2. Data Analysis and Atmospheric Model
 The model employed in this study is the National Centre for Atmospheric Research (NCAR) Community Atmosphere Model (CAM3), configured at T42 horizontal resolution (approximately 2.8° latitude-longitude) with 26 hybrid sigma-pressure vertical levels. For a detailed description of the model see Collins et al. . Four experiments consisting of a 50 member-ensemble were performed for 12 months, with an idealised +1°C warming anomaly imposed over different regions across the tropical Pacific (see Figure 1a). The SST anomalies were linearly damped to zero over a 10° latitude/longitude band; elsewhere the SST forcing is taken to be the climatological monthly mean. The control experiment is simply a 50 year integration forced by the 12-month climatology of global SST.
 The anomaly regions of Figure 1a were not selected to reflect the approximate position of anomalies associated with El Niño, La Niña and El Niño Modoki events. For instance, one could argue that a better idealised representation of a La Niña event would be a cooling in the eastern Pacific coupled with a warming in the west. Here, the locations merely span the zonal extent of the Pacific Ocean and provide a broad means of comparing the resultant atmospheric circulation and rainfall impacts associated with warm SST anomalies in each region. The imposition of a +1°C warming anomaly is also highly idealised: for example, typical anomalies in the eastern Pacific can be of much larger magnitude than those in the west.

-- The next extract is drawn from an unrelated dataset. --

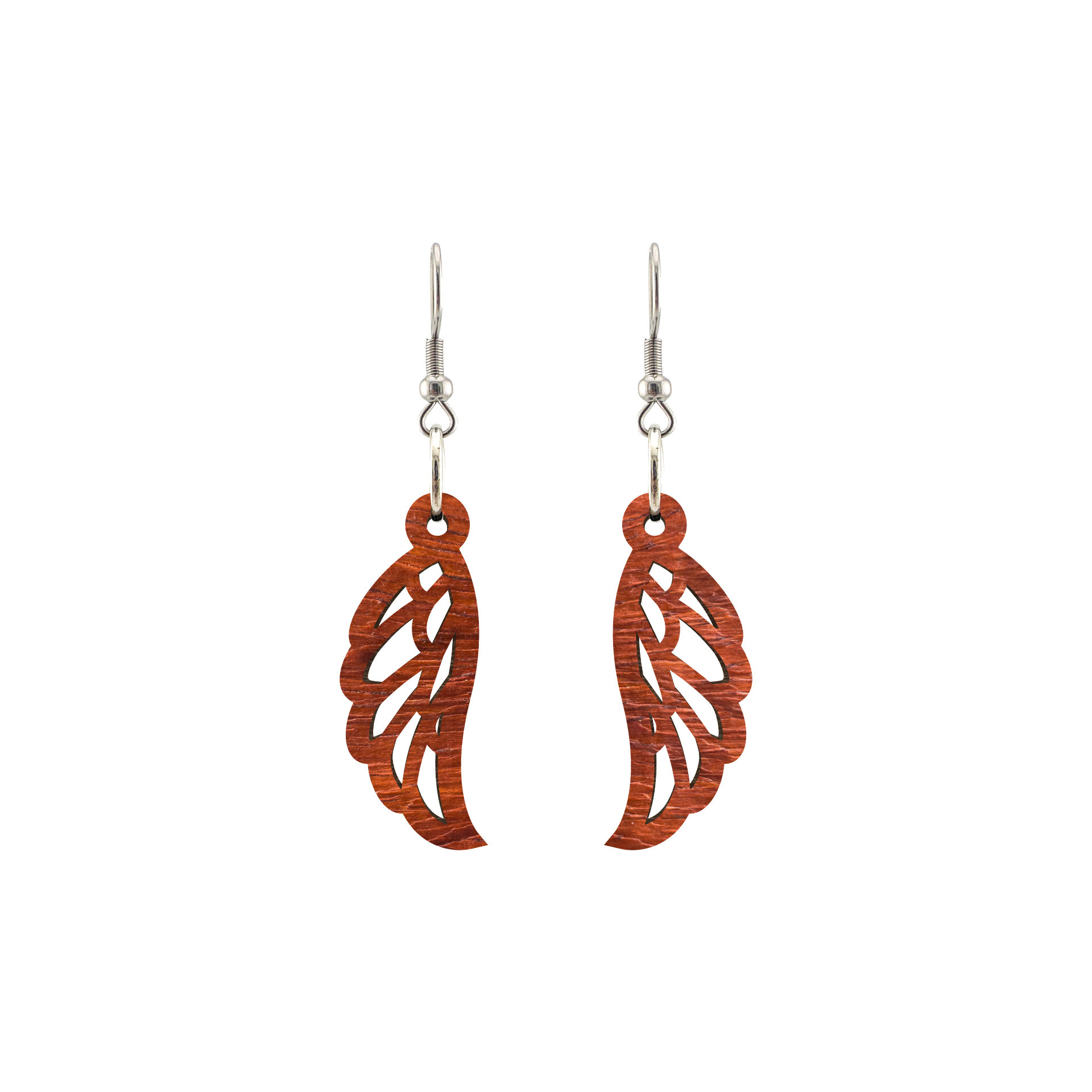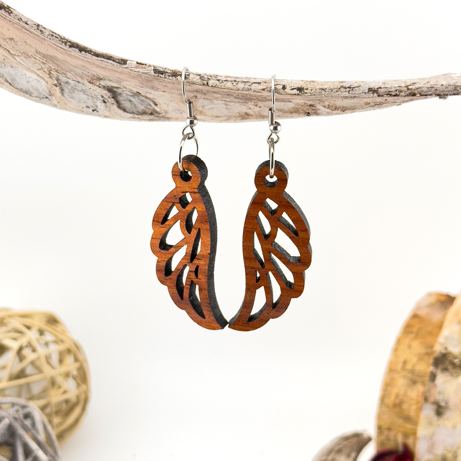 Kolczyki drewniane, drewno egzotyczne padouk, bigle ze stali chirurgicznej, projekt 43

Nonetheless, given the goal of this study is to better understand the impact of SST anomalies as a function of geographic location along the tropical Pacific, it is appropriate that a uniform SST anomaly be applied. Where possible, comparison will be made with the climate regime and atmospheric circulation observed during El Niño, La Niña, and El Niño Modoki events, but this is not the central goal of the study. Furthermore the focus of this paper is on austral summer, i.e., December, January and February (DJF), when South America experiences its monsoon season, and when warming events in the Pacific tend to have their greatest impact.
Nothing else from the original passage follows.